We’d be wrestling one guy to kick him out – I mean, escort him out – the club’s back door, and on the way there we’d see another fight break out and we’d take note of where it was so we could get back to that new one. We’d jump on that one, and another would start. We worked mostly in pairs, though sometimes we’d have to split and work alone, there was so much to do. We worked with radios but had to ditch them, with fights everywhere we were all tied up and there was no point in calling anyone for help.
And it wasn’t done ‘cleanly’, either. I’d be wrestling, pushing, pulling one guy to the door, and one of his buddies is yanking at my arm, another buddy on my other arm, one on my waist, I’d have to leave the first guy because yet another would have his arm around my neck, choking me off. So I’d have to let go to shake these other guys off and yell at them, shove them, then push back to the original guy to get him out. Then run upstairs where some guy was sitting in a bloody daze because three guys had broken a chair and some glass over his head. Then back downstairs and across the room to a fight, then to the washroom for a quick pee, where some guys came in and recognized me as a bouncer and yelled and cornered me… well, there’s much more, but you get the picture. The club finally turned on the lights early, due to all the damage and problems, and a mob was yelling and surging against the coat room and finally knocked it over into splinters.
A couple hours later the security groups from all four venues met in the control room for food and debriefing. The other three groups are all looking at us; they’ve had a pleasant uneventful evening, providing security for quiet and formal crowds in the dinner theater, the ballroom… and we night club guys are sitting there with bedraggled clothes, dripping sweat and mussed hair, blood spatter all over our clothes. Try doing that for a couple hours in your life, in the dark with disco lights strobing all around, very loud night club-volume music, yelling, fights, vomit, crowd so thick you have to push to get anywhere all night. I was breathing so hard I was gasping, could hardly lift my arms because they were so tired and sore from picking people up and wrestling them out the door. We literally could not count the fights. We tried. In all the gigs I did security at, that was the only one even approaching that bad.

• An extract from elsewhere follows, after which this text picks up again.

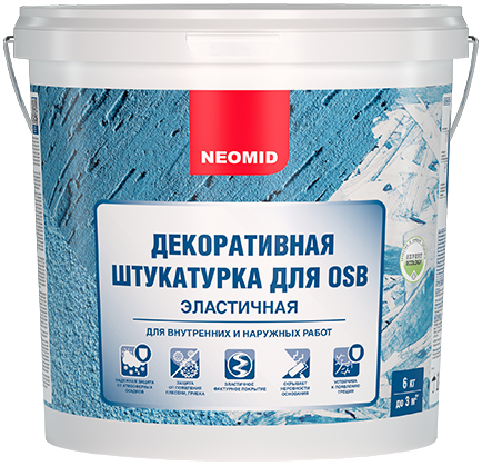 ! Необходимо принять во внимание, что смолы, содержащиеся в клеевом составе некоторых типов (марок) ОSВ-плит различных производителей, под воздействием атмосферных осадков и УФ-лучей могут вызвать появления пятен на окрашенной поверхности. Во избежание их появления, рекомендуется предварительно обработать поверхность Грунтом для плит OSB изолирующим полиуретановым NEOMID.

What is the point of this story?
That time, and many other times in my life, I’ve been in the middle of circumstances and people that were a mess, and which muddied my head into a very unclear state. Surreal, frightening, confusing, unpleasant, not sure what to do or how to get out of it. Sometimes a large buffet of circumstances, rather than just one, arise and converge all at once, and we feel we’re caught in the middle of a tornado.
You have experienced these circumstances also. Some of them were all-consuming and you became lost in them, others were milder, but the circumstances were mixed-up enough for you to lose your clear thought within them, your sense of who you are, your balance and equilibrium. During these times, whether extreme or benign, our thoughts become fuzzy, surreal, disjointed and disconnected, everything seems so unclear. We go into ‘just operate’ mode, rather than clear thinking mode. How do you escape, what helps to make it better, how do you work it out, what is the answer, what do you grasp at to bring things into some semblance of clarity again?
BE CLEAR WITHIN THE UNCLEAR
We each have clarity already within us, even within our times of unclear mind. It is an isolated, protected, and ever-present clear awareness we can tap into whenever we want, even while our thoughts are churning in the violence and haze. Even while we’re drunk, on drugs, exhaustively tired, stressed, enraged, panicked, despairing, screaming…
…There still resides at the center of our minds an empty, quiet, aware, clear center of presence, a mindfulness that is conscious and watchful, watching the mess as it happens and witnessing it with peaceful knowingness. It is there in all of us, but we don’t all use it. More often, during cloudy circumstances, we become lost in the confusion, become merged with the dramas, carried along within events we seem to have no control over.
But you do not have to lose yourself. There is some small percentage of energy within us reserved especially for clarity. Most of us never consciously realize it’s there, never purposely tap into it, and that is why so many people seem to lose themselves to rage, to terror and panic, to frustrations. Most of us haven’t learned that no matter how upside-down things can become, we can always tap into this gift of watchful clarity.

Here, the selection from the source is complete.